The Coal Measures are associated with a number of discrete structural areas, all but the Kingswood Anticline being informally described as coal ‘basins’ (P948967).

Other Coal Measures occurrences

A small outcrop of Lower Coal Measures, including the Subcrenatum Marine Band, is present at Ebbor beneath the Ebbor Thrust, north-west of Wells. Other slices of Coal Measures are probably present beneath the Mesozoic cover within the Cheddar-Wells Thrust Belt on the south side of, and adjacent to the Mendips. In the absence of deep boreholes penetrating to the Palaeozoic basement, it is not known whether any appreciable areas of Coal Measures are present beneath the Mesozoic rocks of the Central Somerset Basin, though the geophysical evidence is thought to make this unlikely (Green and Welch, 1965)[1].

Farther south and east, steeply dipping Coal Measures were proved in the Westbury Boring (Wiltshire), apparently on the southern side of the buried continuation of the Beacon Hill Pericline or an associated en échelon fold. The lithology and flora suggest that the strata are Lower or lower Middle Coal Measures.

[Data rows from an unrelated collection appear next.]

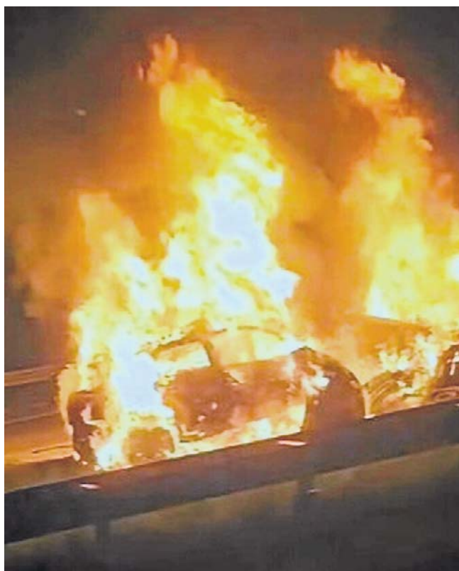
Efekt nocnego czołowego zderzenia na autostradzie A1

Co jednak zrobić, gdy przez nieuwagę znajdziemy się na przeciwnym pasie ruchu? GDDKiA radzi, by zatrzymać się w bezpiecznym miejscu, najlepiej na pasie awaryjnym i włączyć światła awaryjne. Potem trzeba opuścić pojazd z zachowaniem szczególnej ostrożności, jeśli to możliwe schronić się za barierą ochronną, a następnie powiadomić służby drogowe lub policję.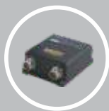
PLC ECU Controlador da válvula de direção, PWM ou CANBUS.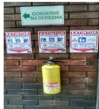
Sede calle 20 piso 4

Este documento está suscrito con firma mecánica autorizada mediante Resolución No. 106583 de diciembre 10 de 2014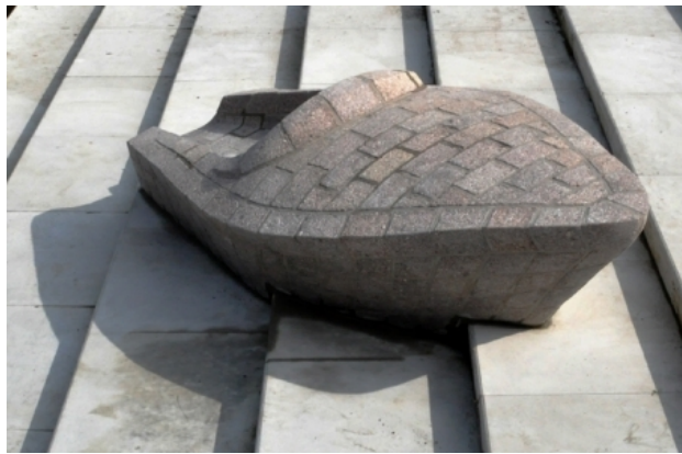
Speedboat Z414, 2014 Gemengd [Granito], 335x135x85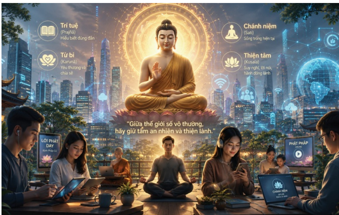
Hình ảnh được tạo bởi AI

Nhân loại đang sống trong thời đại mà khoảng cách địa lý dường như ngăn lại, chỉ bằng một cái chạm trên các thiết bị số hóa. Những luồng thông tin, hàng hóa, tri thức, tư tưởng và cả những hệ giá trị văn hóa không ngừng dịch chuyển giữa các quốc gia. Người ta gọi đó là thời kỳ hội nhập và kỷ nguyên công nghệ.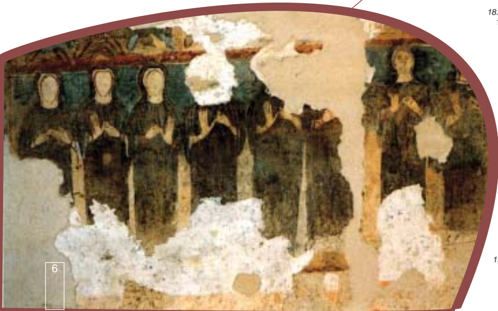
Foto di Gornate Olona (Torba): 17. Torre 18. Monastero 19. Affresco

This site served originally as a safe bulwark for the garrisons that occupied it through the centuries. Towards year 1000 it was transformed into a sacred place where some Benedictine nuns installed themselves, making Torba a welcoming site for pilgrims travelling the road along the Olona banks. The tower with its interesting frescoes and the now deconsecrated church dedicated to Santa Maria are all that remain of the monastic period. In 1976, the complex was acquired by the Italian Environment Fund, which then started restoration works, safeguarding the buildings and bringing new life to the entire complex. The Church of S.Michele Arcangelo is also to be found in Gornate Olona, one of the most ancient oratories of the province, with interesting paintings clearly recognisable as late Roman and Medieval art; within the church, pictorial works that span from the XVI to the XVIII century are to be seen. In the same area are the mills of S.Pancrazio (1772), that remained in operation until the late fifties.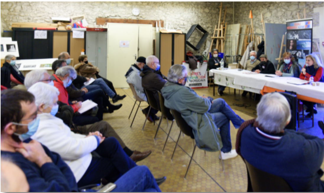
Pendant l'Assemblée Générale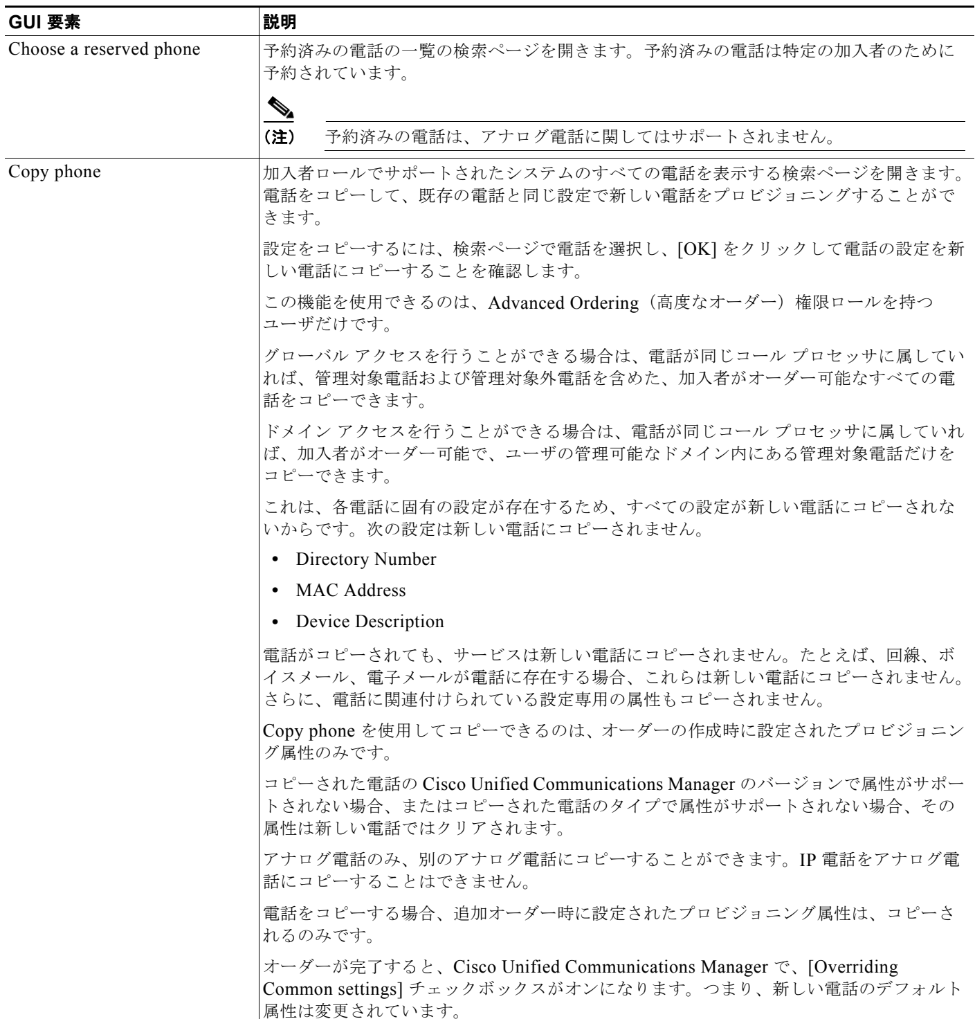
表 8-3 [Order Entry] のフィールド (続き)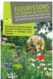
Fleurir le jardin (mélange fiesta)

Boreholes in the Moreton-in-Marsh to Burford area indicate that the western limit of the Oxfordshire Coalfield extends to the line of the Moreton 'Axis'. The coalfield succession comprises a thick coal-bearing grey sandstone sequence of Pennant Measure type in the lower part. There are two coal-bearing groups above, separated by barren and red measures, and a thick barren red measure sequence at the top. The total thickness is of the order of 1350 m. The fauna and flora show that the measures lie entirely in the tenuis Biozone of Westphalian D age. They unconformably overlie Upper Devonian but without any apparent angular discordance.

Reference

  1. Green, G W, and Welch, F B A. 1965. Geology of the country around Wells and Cheddar. Memoir of the Geological Survey of Great Britain.